> **What you have to do**:
Copy exactly the lines from the line holding "多田羅 小雨さんの総格は41画の5点!" through the end of the material, and no others; pictures stay out.

> **Source material**:
>>>>

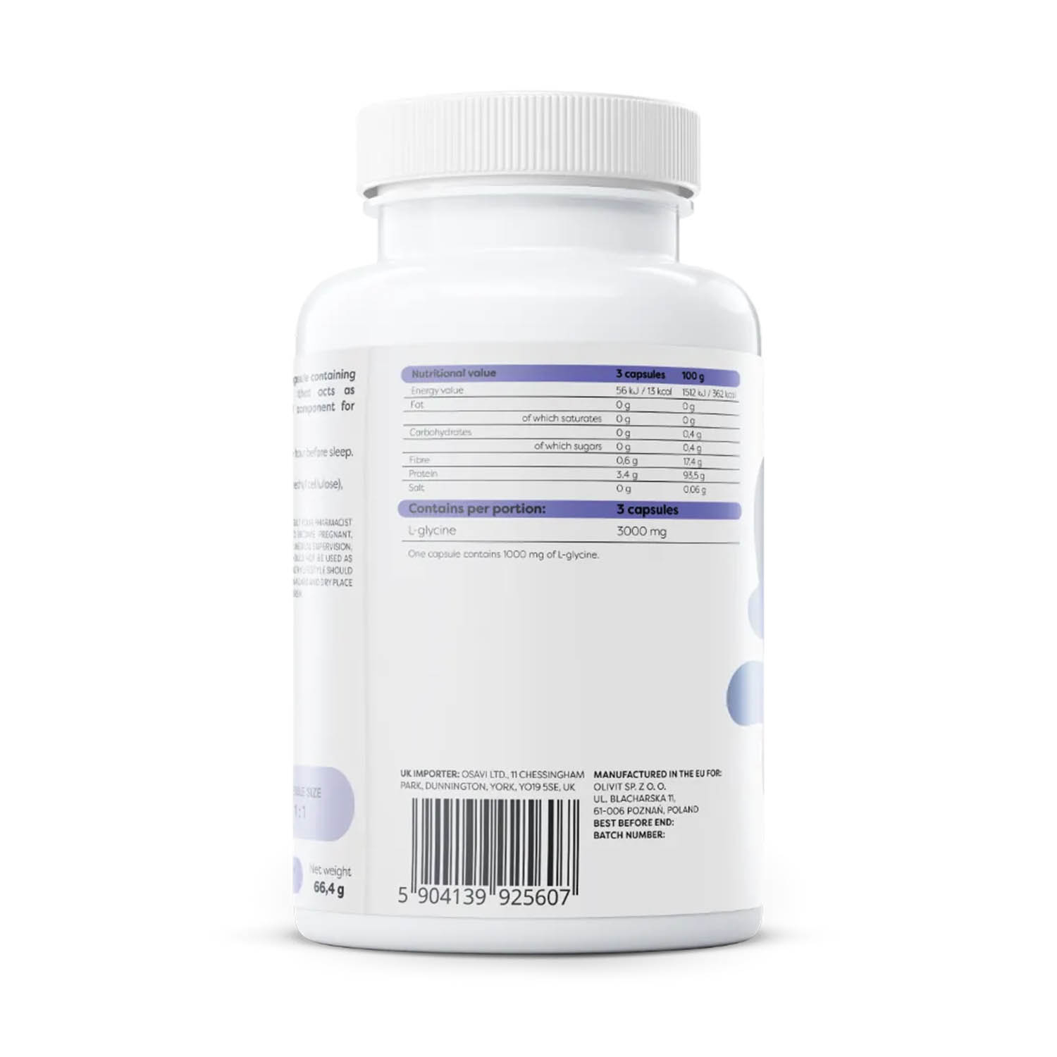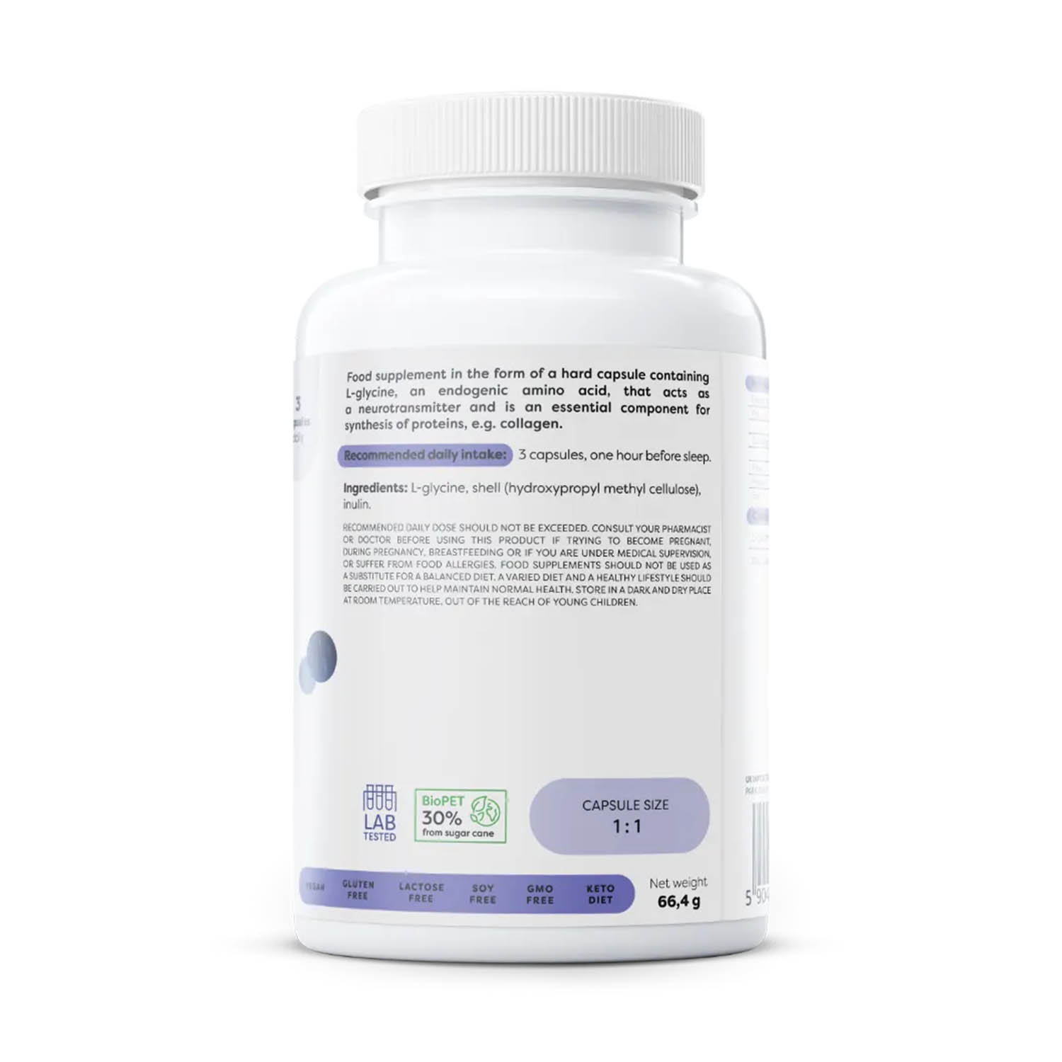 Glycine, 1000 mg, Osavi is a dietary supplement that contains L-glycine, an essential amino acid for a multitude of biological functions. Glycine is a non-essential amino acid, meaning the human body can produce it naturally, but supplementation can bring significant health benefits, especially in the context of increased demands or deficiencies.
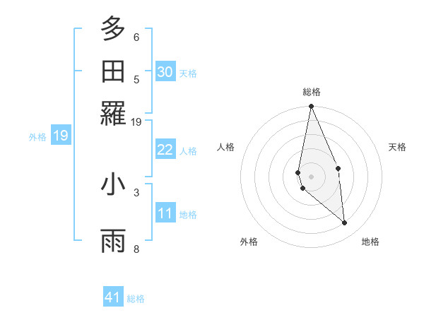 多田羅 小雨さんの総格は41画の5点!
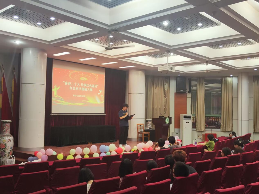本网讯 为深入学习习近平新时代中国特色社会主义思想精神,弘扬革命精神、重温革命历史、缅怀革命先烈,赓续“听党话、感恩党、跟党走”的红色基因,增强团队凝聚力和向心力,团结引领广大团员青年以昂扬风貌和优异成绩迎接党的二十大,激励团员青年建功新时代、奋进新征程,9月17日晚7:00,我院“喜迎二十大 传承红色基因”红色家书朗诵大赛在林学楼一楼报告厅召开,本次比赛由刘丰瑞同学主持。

<<<<

> **Answer space**:
 多田羅 小雨さんの総格は41画の5点!
本网讯 为深入学习习近平新时代中国特色社会主义思想精神,弘扬革命精神、重温革命历史、缅怀革命先烈,赓续“听党话、感恩党、跟党走”的红色基因,增强团队凝聚力和向心力,团结引领广大团员青年以昂扬风貌和优异成绩迎接党的二十大,激励团员青年建功新时代、奋进新征程,9月17日晚7:00,我院“喜迎二十大 传承红色基因”红色家书朗诵大赛在林学楼一楼报告厅召开,本次比赛由刘丰瑞同学主持。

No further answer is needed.